With that out of the way, let's take a look at the first P55 motherboard through our doors. The front of the motherboard is colour coded with Royal blue, sky blue, white and black slots upon a black PCB. The Azure heatsinks also match the overall theme of the motherboard. Perhaps most striking is the omission of the traditional QPI bus/Northbridge area. As explained in the preview of this board, there is no longer a need for this thanks to the redesigned architecture and chipset. That said, everything else appears to be placed well with all the major connections surrounding the leading edges of the motherboard.
The CPU socket is a mass of capacitors and chokes as the P7P55D uses a 12+2 phase design. However, due to the smaller socket size there is still plenty of space in this area. A mass of new CPU coolers will be on the horizon though as the mounting holes are slightly further closer together than Skt1366 but further apart than Skt775. You may be lucky enough to get some redesigned retention clips for your current CPU cooler but for the most part I feel that many people will be purchasing a new cooling setup for this board. Speaking of retention clips, the CPU retention mechanism is redesigned in that both the securing cover and locking arm both open up in the same direction making CPU installation much easier than older socket variants.

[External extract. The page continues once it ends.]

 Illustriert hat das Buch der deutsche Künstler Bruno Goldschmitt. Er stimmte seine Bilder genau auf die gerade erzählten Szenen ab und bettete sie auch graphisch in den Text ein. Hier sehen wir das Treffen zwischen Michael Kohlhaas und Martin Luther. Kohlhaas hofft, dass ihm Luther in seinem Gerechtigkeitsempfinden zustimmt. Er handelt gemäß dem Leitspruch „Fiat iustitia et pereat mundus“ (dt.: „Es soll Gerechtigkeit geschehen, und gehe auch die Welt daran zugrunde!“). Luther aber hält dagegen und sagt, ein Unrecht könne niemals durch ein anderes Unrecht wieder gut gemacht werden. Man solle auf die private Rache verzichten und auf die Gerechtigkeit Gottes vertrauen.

The new i5 CPU, like the i7 range has the memory controller on board however the i5 differs slightly in that it offers dual channel rather than the Tri-Channel of it's bigger brother. How this affects memory performance we will investigate later in the review but it goes without saying that the bandwidth will certainly be lowered. One plus point though is that far less strain will be placed on the CPU which perhaps will allow for better CPU overclocking. Although the Q-DIMM feature of the memory slots is not welcomed by all I have had no problems using it. With no clip at the lower end of the slot one might think that there is no retention there but memory felt as solid as it does in any normal slot.

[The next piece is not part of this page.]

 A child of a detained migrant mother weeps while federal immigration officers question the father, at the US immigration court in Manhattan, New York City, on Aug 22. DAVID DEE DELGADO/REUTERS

Perhaps one of the biggest drawbacks that I can see with a board based on the P55 chipset is the restriction Intel have placed on PCI express. With one card in-situ, the full bandwidth will be available but add another and the lanes will be split across both slots in an x8 + x8 configuration. Crossfire is supported and I would be very surprised if Nvidia was not although nobody seems willing to confirm that it will be at present. The good news is nobody is denying it either so read into that what you will. You may notice that Asus have also used a 2oz Copper PCB however this will not be in the final release. Instead Asus will most likely use a variant of there StackCool silkscreen technology, hopefully StackCool 3+ which uses an 8 layer PCB.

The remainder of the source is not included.